* **WORK INSTRUCTIONS**
Could you reproduce every record below exactly, excluding all pictures?

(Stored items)

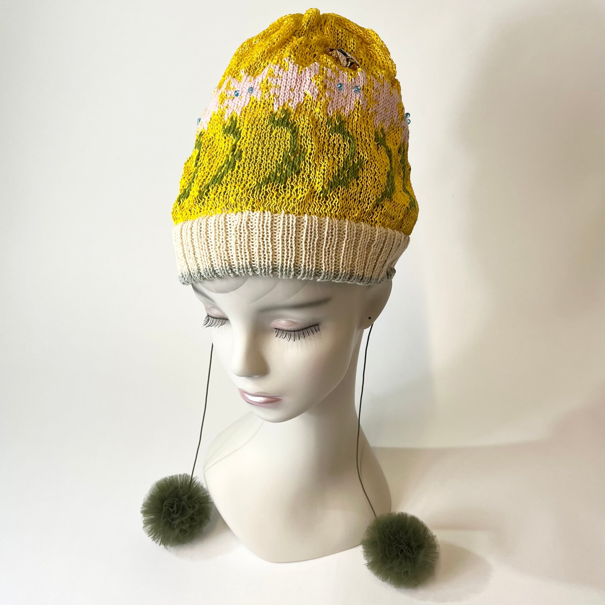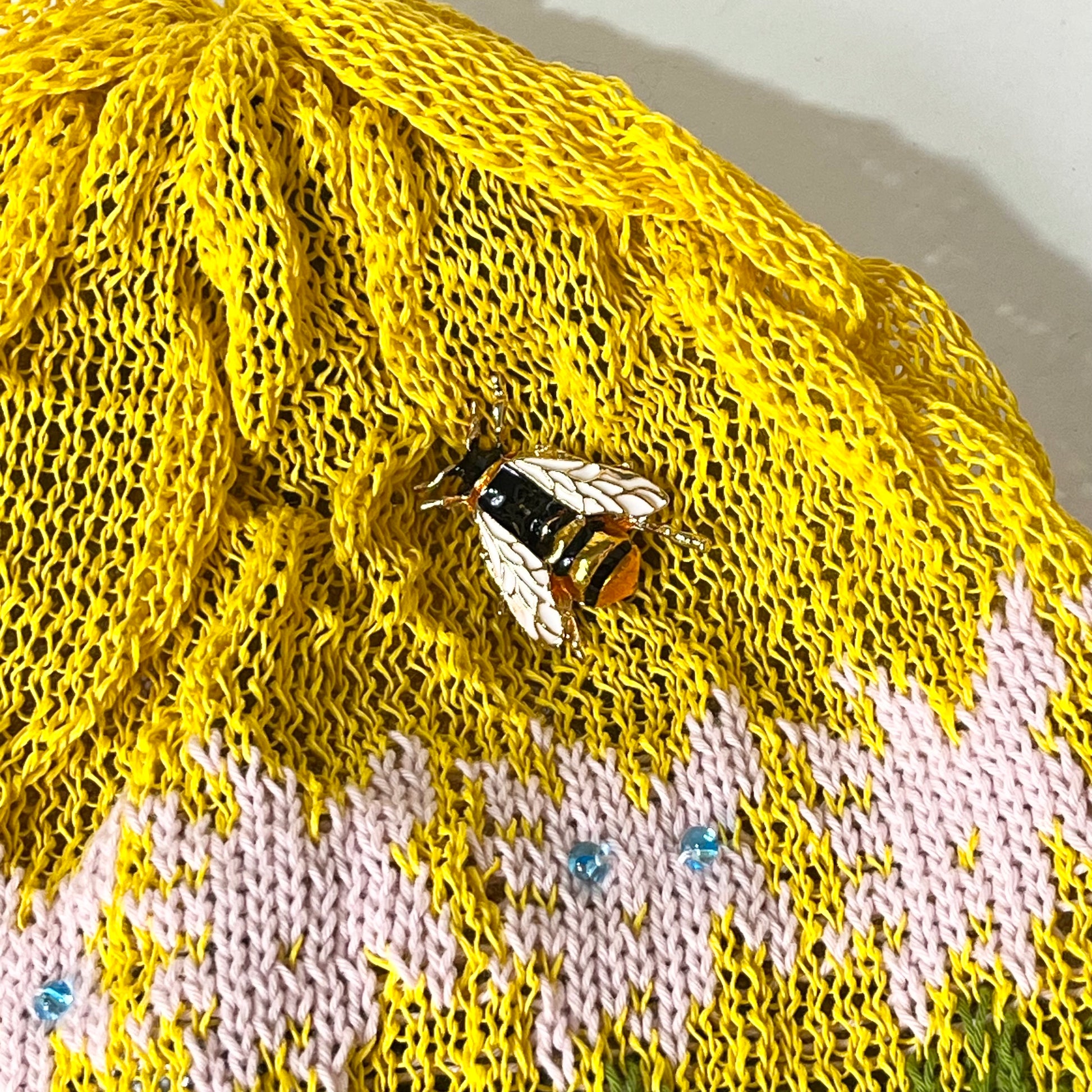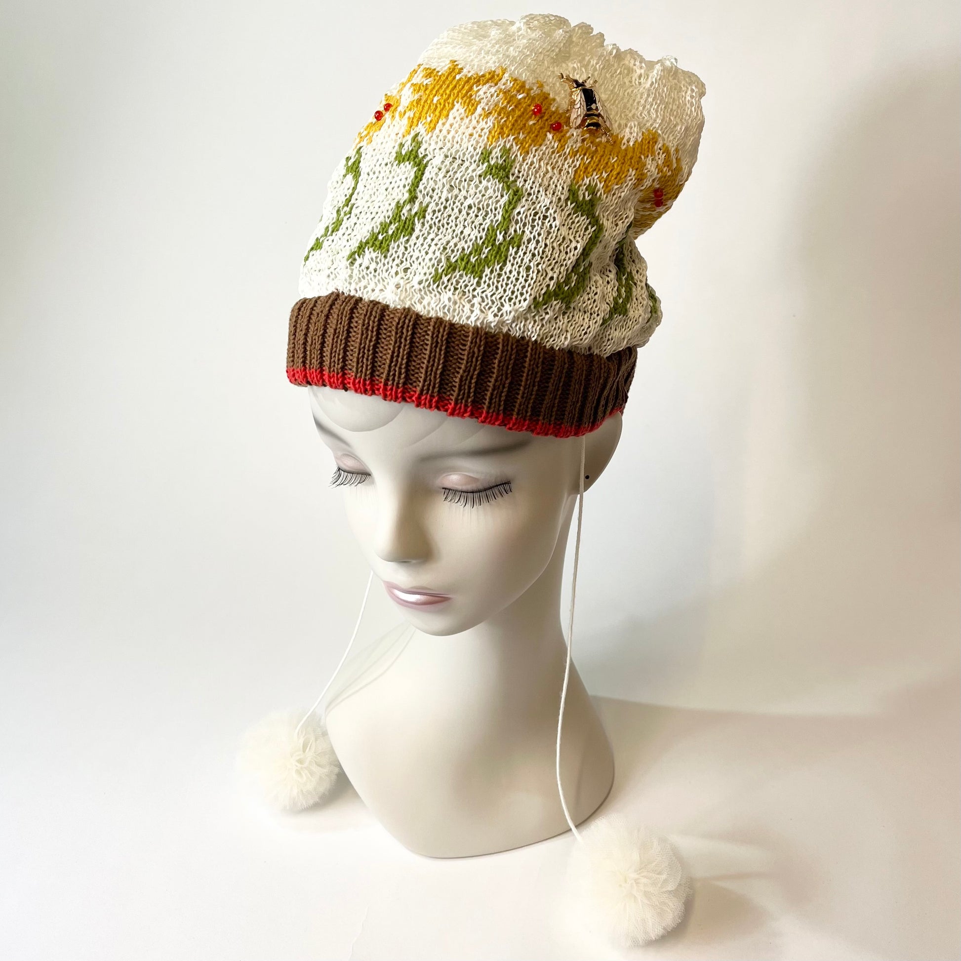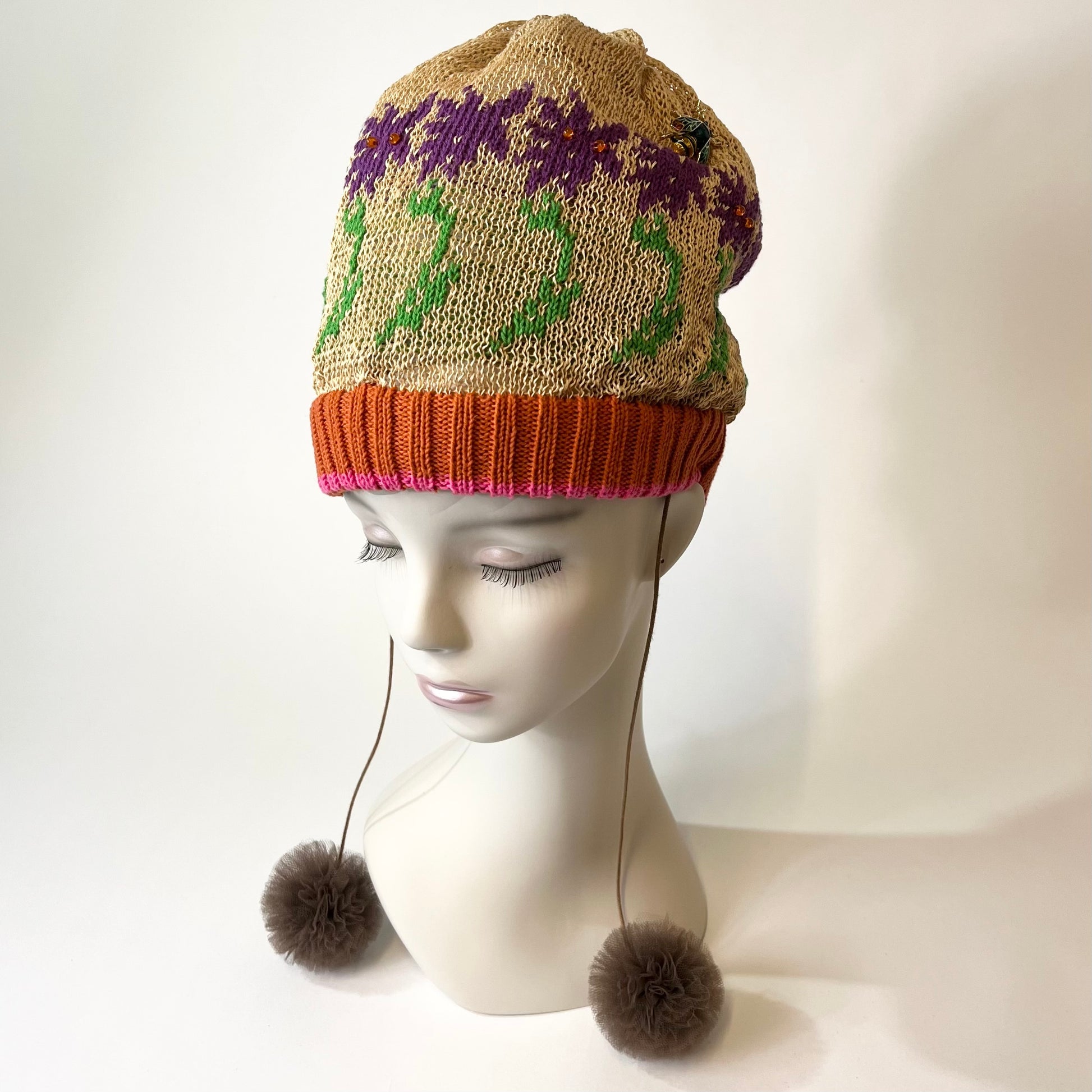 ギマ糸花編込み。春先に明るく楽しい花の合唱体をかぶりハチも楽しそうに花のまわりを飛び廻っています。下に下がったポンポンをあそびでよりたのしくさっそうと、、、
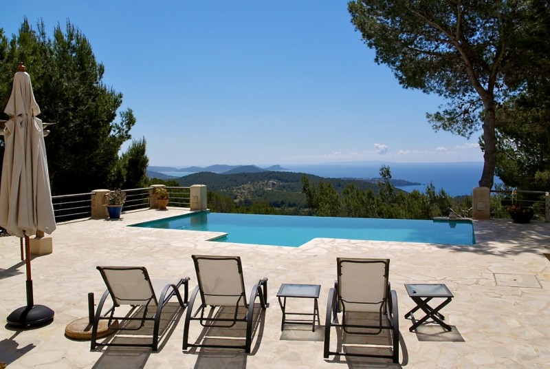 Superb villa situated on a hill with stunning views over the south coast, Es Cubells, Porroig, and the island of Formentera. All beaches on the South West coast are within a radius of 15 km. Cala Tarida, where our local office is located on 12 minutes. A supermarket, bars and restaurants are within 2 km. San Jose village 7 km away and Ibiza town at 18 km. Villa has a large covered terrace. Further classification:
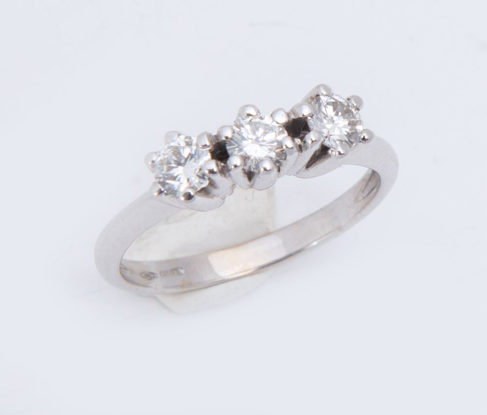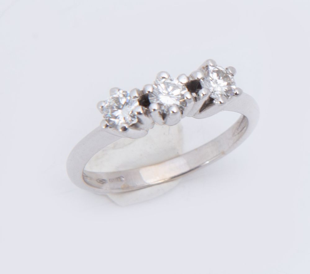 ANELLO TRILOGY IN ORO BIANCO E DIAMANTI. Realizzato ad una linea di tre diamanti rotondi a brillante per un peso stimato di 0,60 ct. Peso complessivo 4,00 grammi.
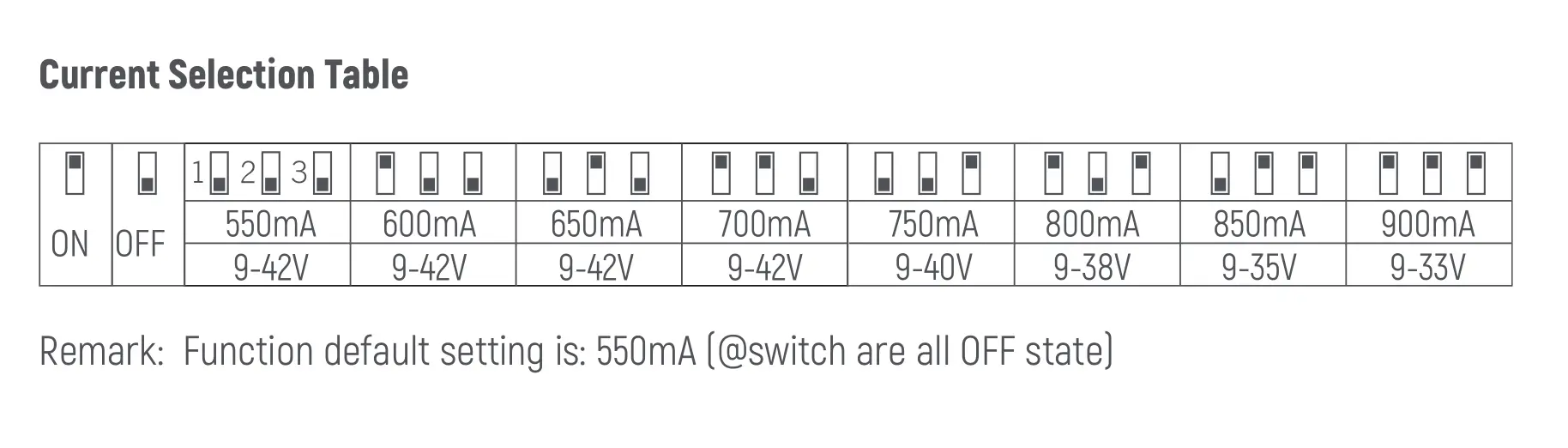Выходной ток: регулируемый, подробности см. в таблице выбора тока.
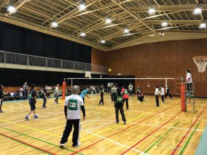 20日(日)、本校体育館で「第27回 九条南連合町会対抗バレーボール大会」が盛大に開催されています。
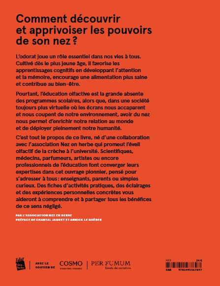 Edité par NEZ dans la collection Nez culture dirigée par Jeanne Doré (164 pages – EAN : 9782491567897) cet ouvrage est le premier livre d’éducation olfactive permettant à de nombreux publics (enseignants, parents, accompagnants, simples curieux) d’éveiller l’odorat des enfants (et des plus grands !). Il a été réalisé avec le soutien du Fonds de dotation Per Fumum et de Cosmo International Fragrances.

* **FINISHED EXERCISE**
 ギマ糸花編込み。春先に明るく楽しい花の合唱体をかぶりハチも楽しそうに花のまわりを飛び廻っています。下に下がったポンポンをあそびでよりたのしくさっそうと、、、
 Superb villa situated on a hill with stunning views over the south coast, Es Cubells, Porroig, and the island of Formentera. All beaches on the South West coast are within a radius of 15 km. Cala Tarida, where our local office is located on 12 minutes. A supermarket, bars and restaurants are within 2 km. San Jose village 7 km away and Ibiza town at 18 km. Villa has a large covered terrace. Further classification:
 ANELLO TRILOGY IN ORO BIANCO E DIAMANTI. Realizzato ad una linea di tre diamanti rotondi a brillante per un peso stimato di 0,60 ct. Peso complessivo 4,00 grammi.
Выходной ток: регулируемый, подробности см. в таблице выбора тока.
 20日(日)、本校体育館で「第27回 九条南連合町会対抗バレーボール大会」が盛大に開催されています。
 Edité par NEZ dans la collection Nez culture dirigée par Jeanne Doré (164 pages – EAN : 9782491567897) cet ouvrage est le premier livre d’éducation olfactive permettant à de nombreux publics (enseignants, parents, accompagnants, simples curieux) d’éveiller l’odorat des enfants (et des plus grands !). Il a été réalisé avec le soutien du Fonds de dotation Per Fumum et de Cosmo International Fragrances.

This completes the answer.